- _What the task asks_: The lines to extract begin at the line that contains "اعلنت وزارة القوى" and run through the last line of the listing; reproduce them exactly, minus any pictures.
**** Available records ****
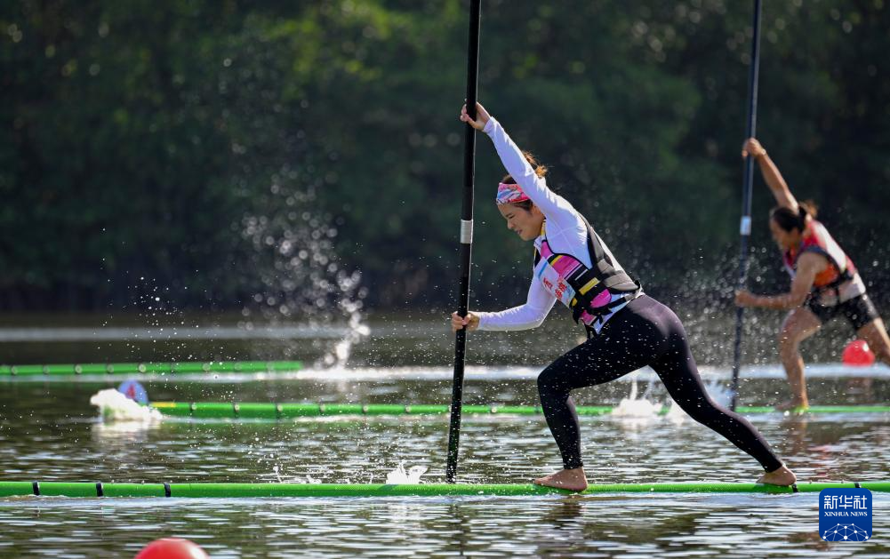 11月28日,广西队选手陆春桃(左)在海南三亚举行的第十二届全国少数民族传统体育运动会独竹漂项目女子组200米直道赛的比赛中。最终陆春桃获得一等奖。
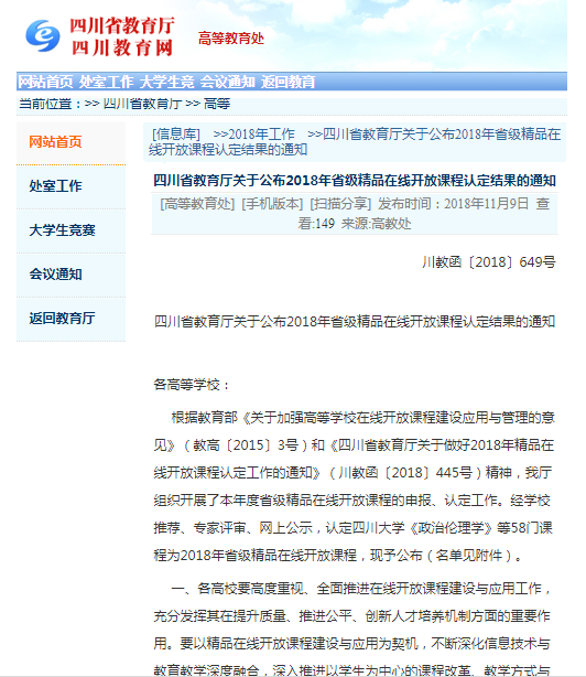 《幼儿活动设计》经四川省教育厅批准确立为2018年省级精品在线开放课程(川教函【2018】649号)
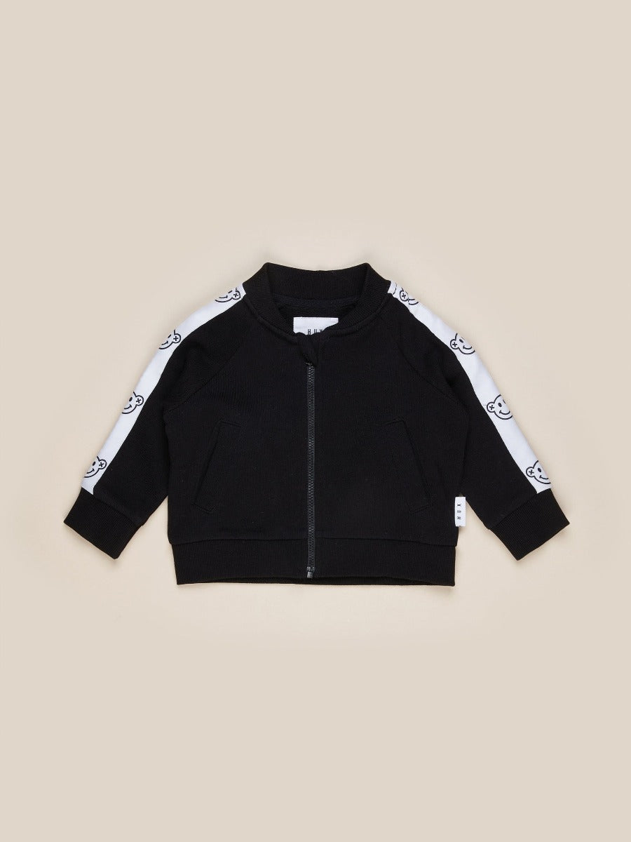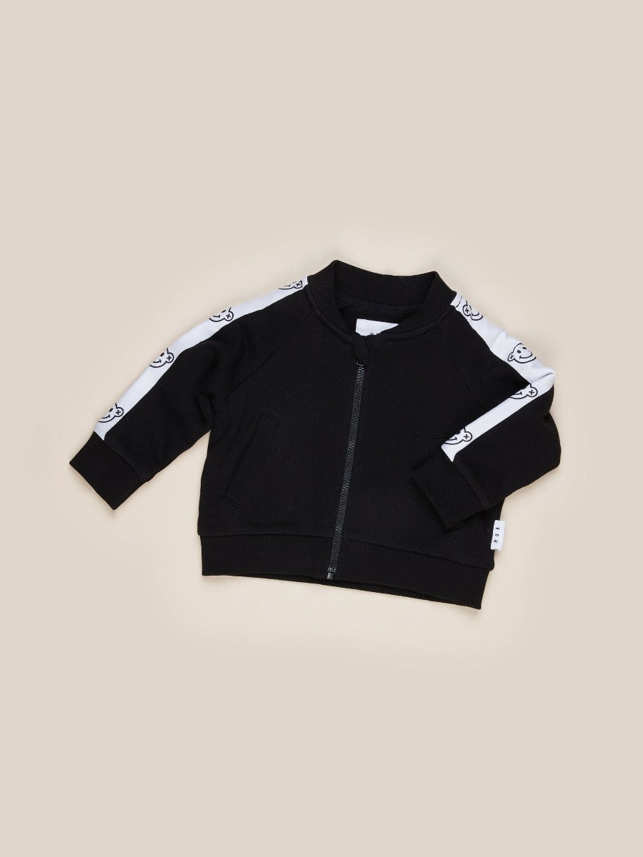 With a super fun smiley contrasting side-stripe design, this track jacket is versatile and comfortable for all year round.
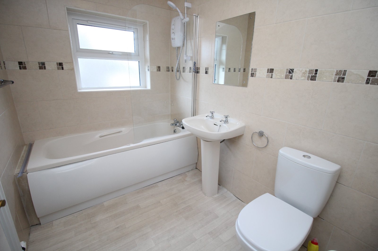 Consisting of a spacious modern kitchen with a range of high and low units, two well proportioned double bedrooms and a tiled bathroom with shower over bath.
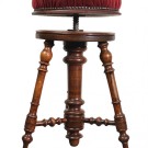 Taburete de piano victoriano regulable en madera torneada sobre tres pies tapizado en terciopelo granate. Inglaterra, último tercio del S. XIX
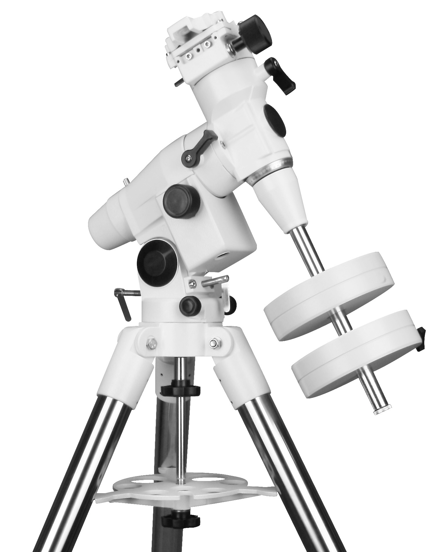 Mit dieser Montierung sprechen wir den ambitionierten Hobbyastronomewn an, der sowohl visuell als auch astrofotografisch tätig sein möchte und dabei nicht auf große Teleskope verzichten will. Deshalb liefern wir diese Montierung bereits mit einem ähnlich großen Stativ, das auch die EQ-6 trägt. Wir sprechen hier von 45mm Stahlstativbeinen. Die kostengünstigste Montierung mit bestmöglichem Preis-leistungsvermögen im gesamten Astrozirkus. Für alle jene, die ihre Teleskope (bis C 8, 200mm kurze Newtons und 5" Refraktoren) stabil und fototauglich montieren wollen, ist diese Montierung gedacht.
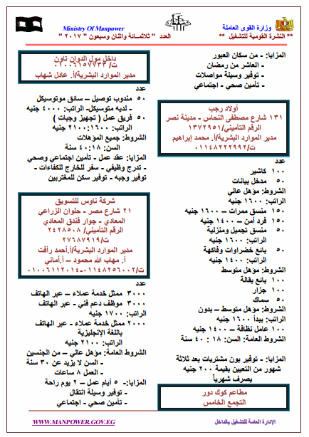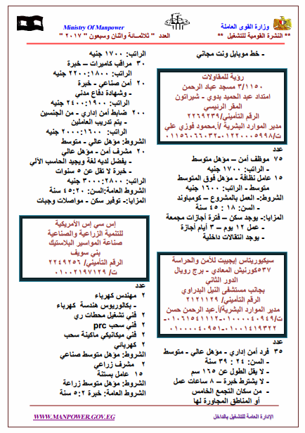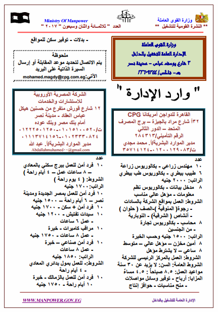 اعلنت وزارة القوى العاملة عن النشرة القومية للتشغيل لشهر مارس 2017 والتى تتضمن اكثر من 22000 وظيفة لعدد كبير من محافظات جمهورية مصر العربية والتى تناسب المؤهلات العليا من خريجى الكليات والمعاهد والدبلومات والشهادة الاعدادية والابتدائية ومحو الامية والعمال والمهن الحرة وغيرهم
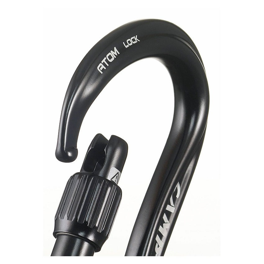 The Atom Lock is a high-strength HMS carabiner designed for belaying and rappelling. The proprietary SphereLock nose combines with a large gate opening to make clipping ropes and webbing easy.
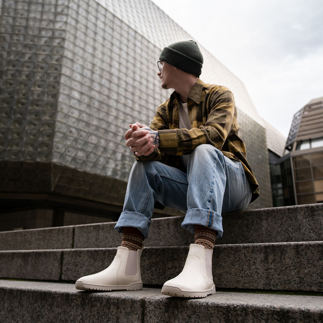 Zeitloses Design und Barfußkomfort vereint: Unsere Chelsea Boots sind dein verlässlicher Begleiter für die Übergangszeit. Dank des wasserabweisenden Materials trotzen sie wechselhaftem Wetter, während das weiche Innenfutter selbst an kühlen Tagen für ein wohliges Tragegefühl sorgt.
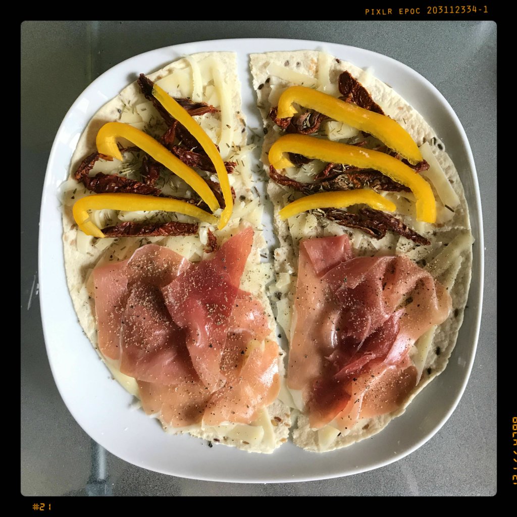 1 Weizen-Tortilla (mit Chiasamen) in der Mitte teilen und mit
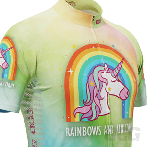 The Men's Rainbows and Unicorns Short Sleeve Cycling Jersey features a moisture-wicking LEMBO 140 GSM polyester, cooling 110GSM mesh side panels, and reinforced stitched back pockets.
****
- _Output of the exercise_:
 اعلنت وزارة القوى العاملة عن النشرة القومية للتشغيل لشهر مارس 2017 والتى تتضمن اكثر من 22000 وظيفة لعدد كبير من محافظات جمهورية مصر العربية والتى تناسب المؤهلات العليا من خريجى الكليات والمعاهد والدبلومات والشهادة الاعدادية والابتدائية ومحو الامية والعمال والمهن الحرة وغيرهم
 The Atom Lock is a high-strength HMS carabiner designed for belaying and rappelling. The proprietary SphereLock nose combines with a large gate opening to make clipping ropes and webbing easy.
 Zeitloses Design und Barfußkomfort vereint: Unsere Chelsea Boots sind dein verlässlicher Begleiter für die Übergangszeit. Dank des wasserabweisenden Materials trotzen sie wechselhaftem Wetter, während das weiche Innenfutter selbst an kühlen Tagen für ein wohliges Tragegefühl sorgt.
 1 Weizen-Tortilla (mit Chiasamen) in der Mitte teilen und mit
 The Men's Rainbows and Unicorns Short Sleeve Cycling Jersey features a moisture-wicking LEMBO 140 GSM polyester, cooling 110GSM mesh side panels, and reinforced stitched back pockets.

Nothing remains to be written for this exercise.